#### Requirement:
Ignoring every picture, return the lines of the listing below word for word, from the line that holds "The above figure" through the line that holds "The fireplace, in".

Start of Stored data

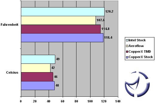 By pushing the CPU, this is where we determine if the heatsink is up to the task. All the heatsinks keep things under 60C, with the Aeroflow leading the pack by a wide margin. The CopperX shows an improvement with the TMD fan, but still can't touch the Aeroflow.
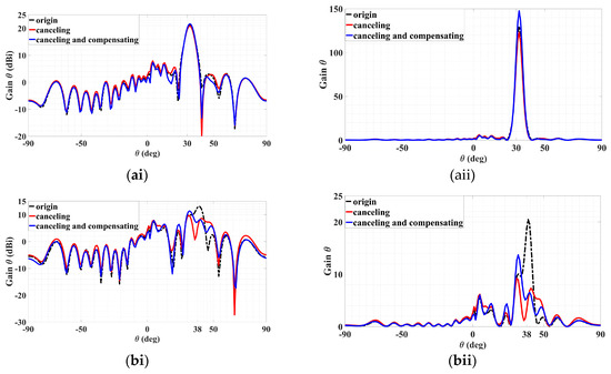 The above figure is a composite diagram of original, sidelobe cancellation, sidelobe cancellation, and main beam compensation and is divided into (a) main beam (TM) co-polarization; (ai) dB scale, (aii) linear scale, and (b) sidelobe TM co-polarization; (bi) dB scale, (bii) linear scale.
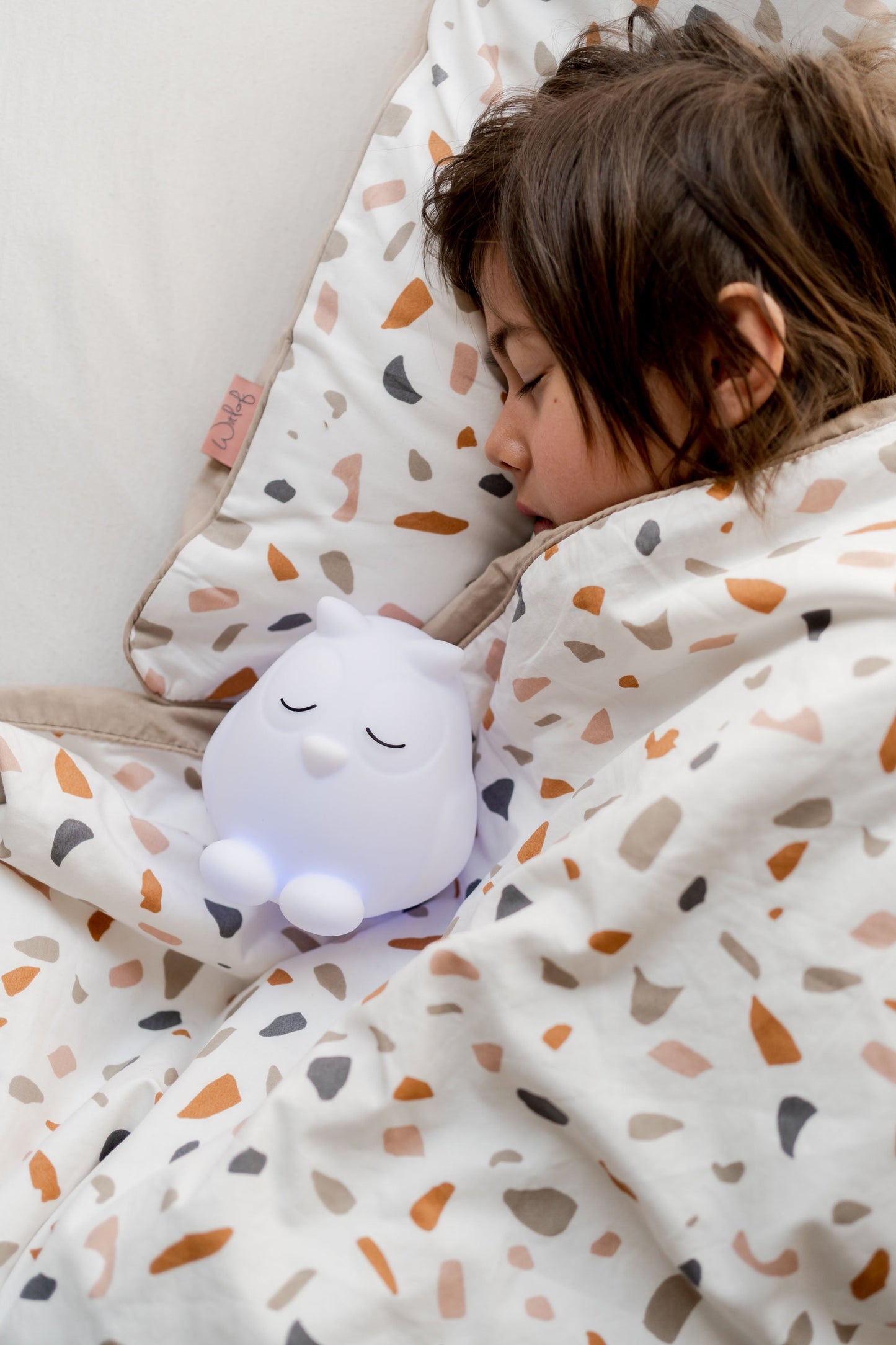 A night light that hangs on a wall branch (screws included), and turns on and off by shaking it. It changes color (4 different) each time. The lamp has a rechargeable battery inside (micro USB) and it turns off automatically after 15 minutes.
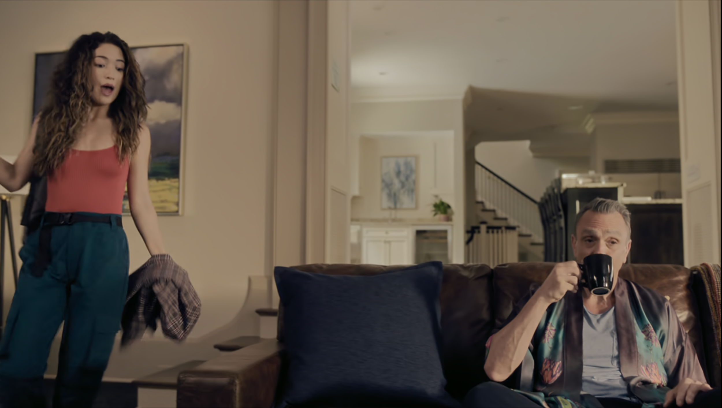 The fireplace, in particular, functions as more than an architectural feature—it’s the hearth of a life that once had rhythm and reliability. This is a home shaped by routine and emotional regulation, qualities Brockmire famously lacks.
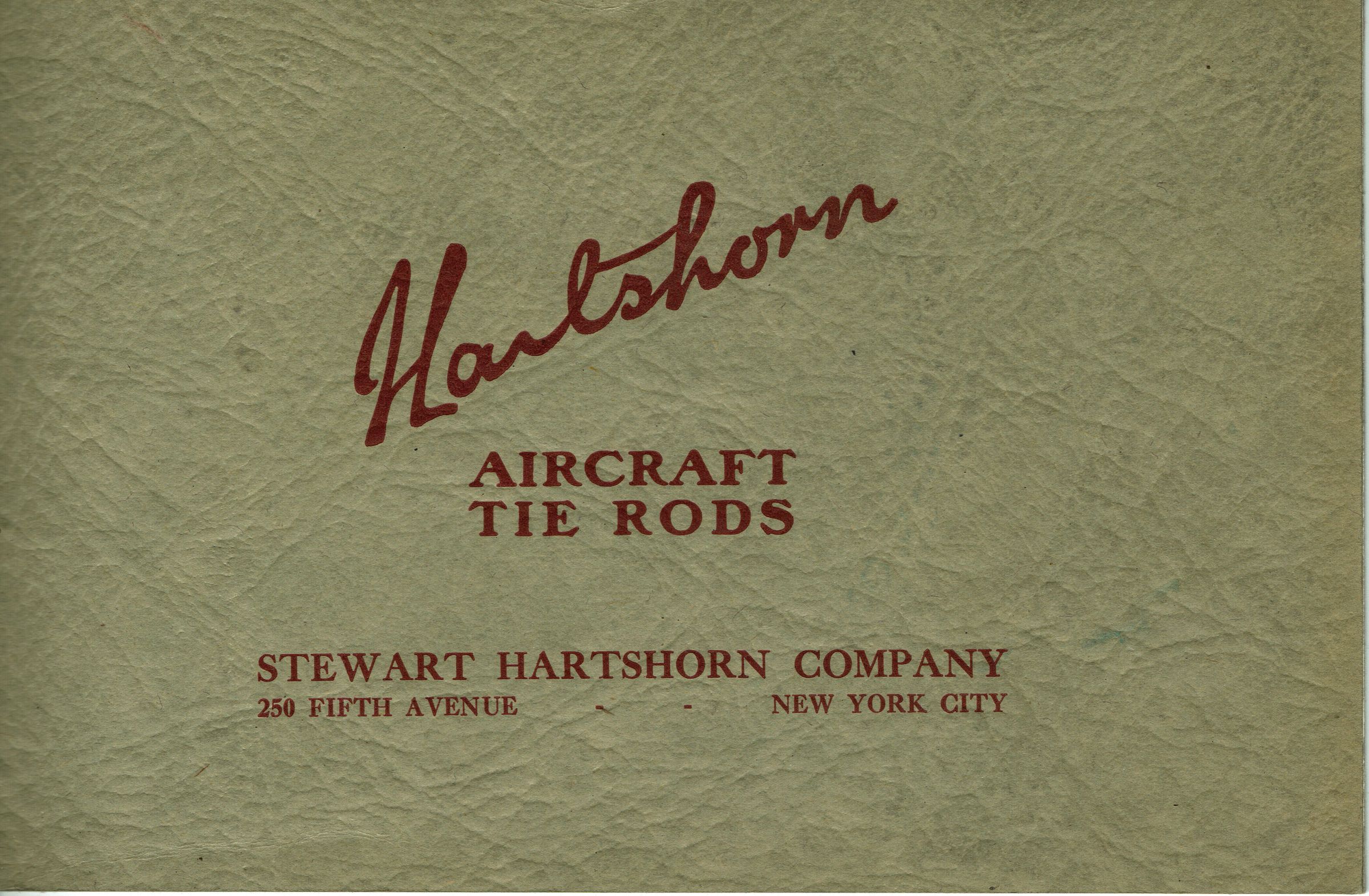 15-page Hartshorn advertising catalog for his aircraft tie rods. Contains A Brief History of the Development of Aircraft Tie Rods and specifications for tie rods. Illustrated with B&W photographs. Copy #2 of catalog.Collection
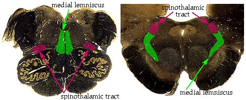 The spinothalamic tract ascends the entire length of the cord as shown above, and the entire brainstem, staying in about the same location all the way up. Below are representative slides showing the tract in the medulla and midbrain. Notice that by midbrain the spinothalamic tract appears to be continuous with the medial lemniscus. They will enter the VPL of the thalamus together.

End of Stored data
Start of Stored data

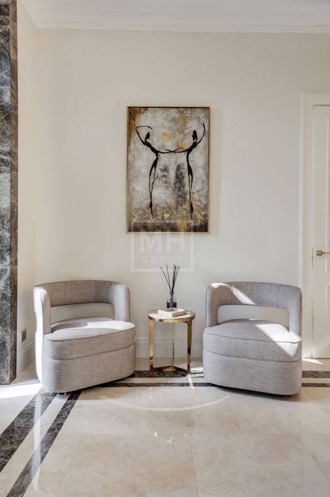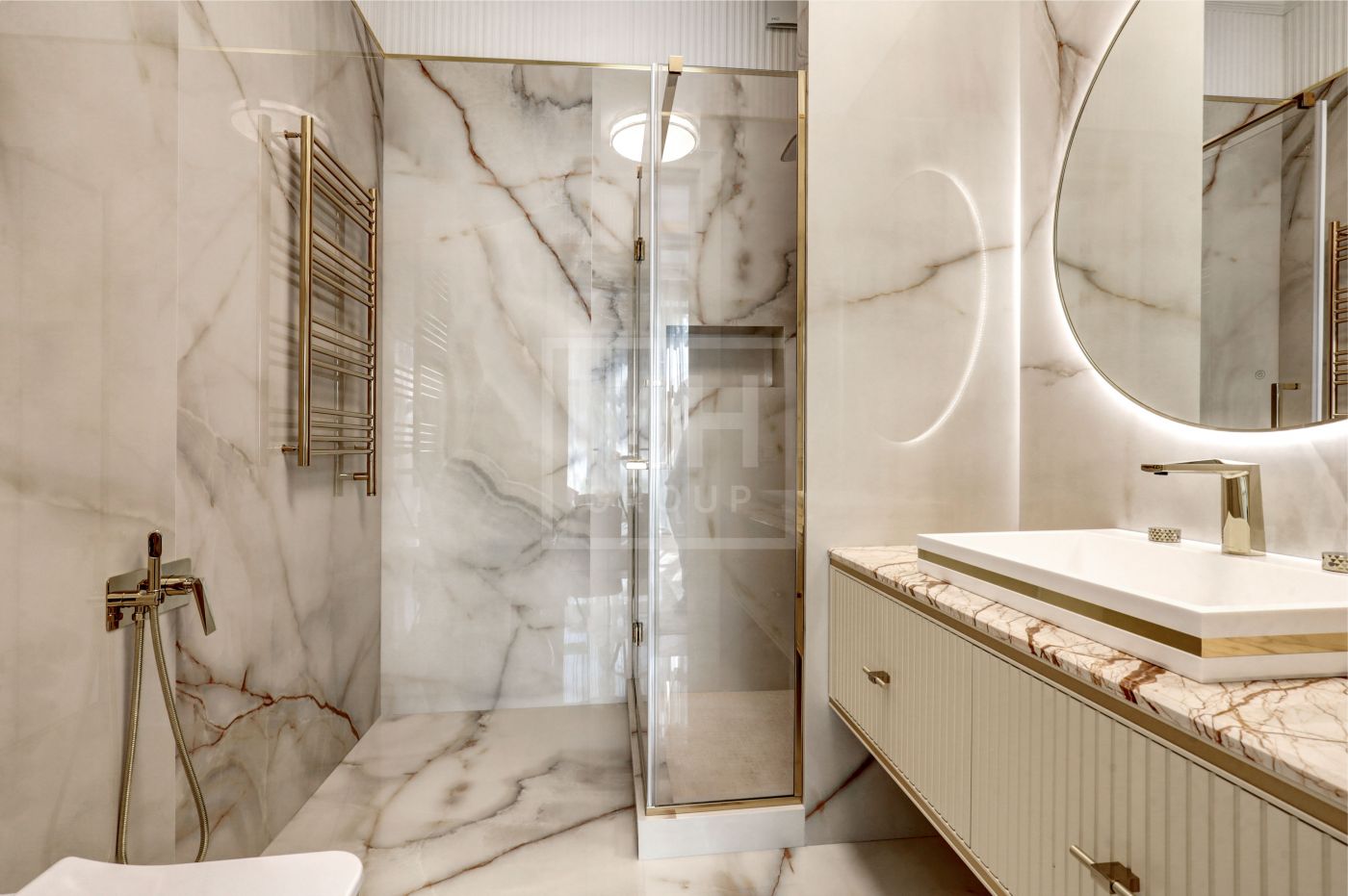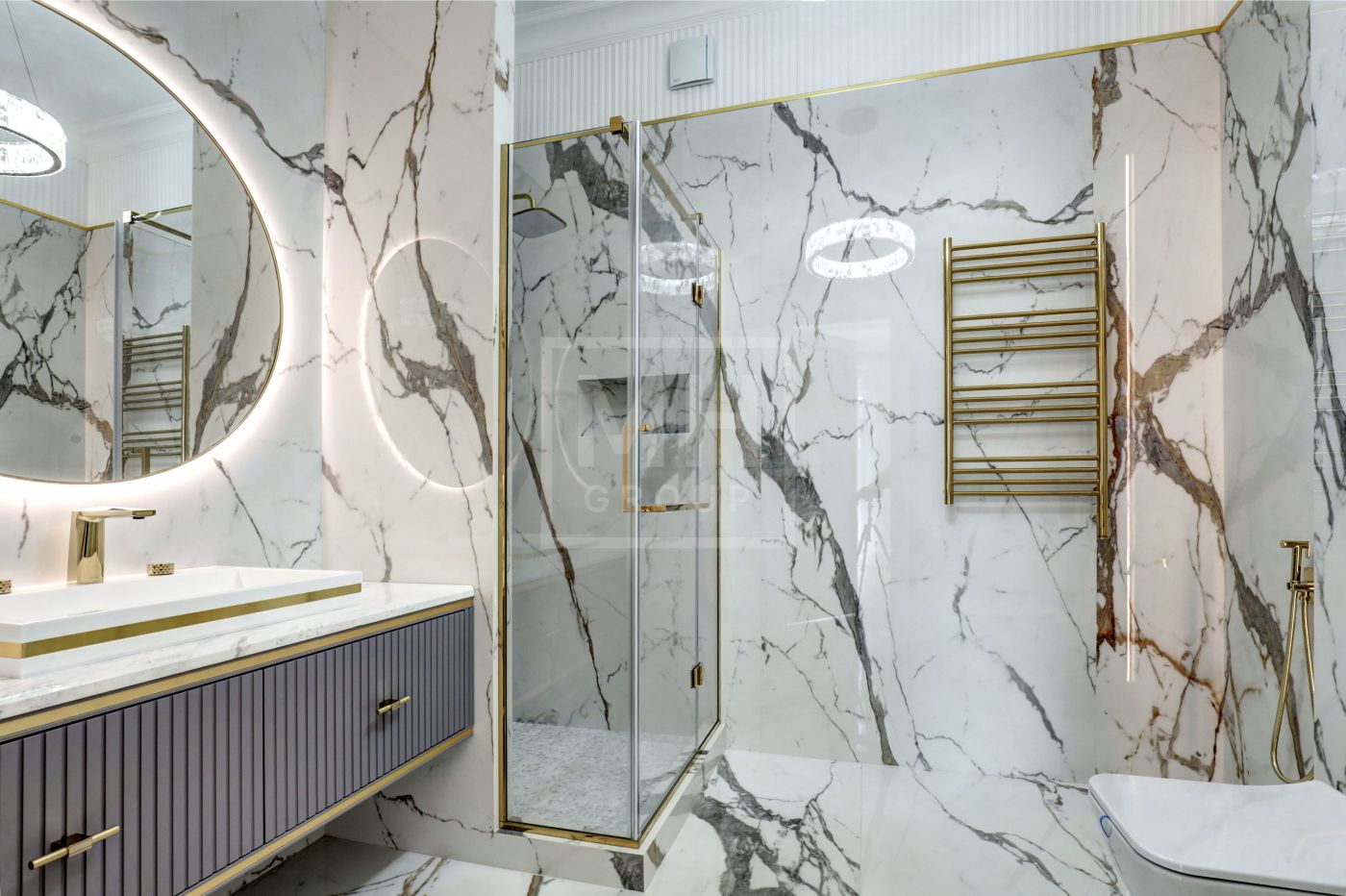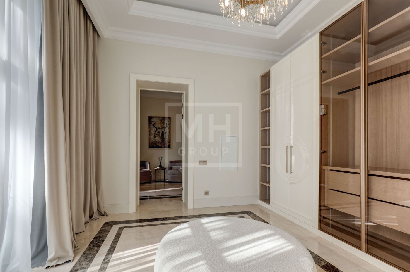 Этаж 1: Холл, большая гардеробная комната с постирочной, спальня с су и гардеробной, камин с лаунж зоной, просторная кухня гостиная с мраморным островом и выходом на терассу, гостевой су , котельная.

End of Stored data

#### Your solution:
 The above figure is a composite diagram of original, sidelobe cancellation, sidelobe cancellation, and main beam compensation and is divided into (a) main beam (TM) co-polarization; (ai) dB scale, (aii) linear scale, and (b) sidelobe TM co-polarization; (bi) dB scale, (bii) linear scale.
 A night light that hangs on a wall branch (screws included), and turns on and off by shaking it. It changes color (4 different) each time. The lamp has a rechargeable battery inside (micro USB) and it turns off automatically after 15 minutes.
 The fireplace, in particular, functions as more than an architectural feature—it’s the hearth of a life that once had rhythm and reliability. This is a home shaped by routine and emotional regulation, qualities Brockmire famously lacks.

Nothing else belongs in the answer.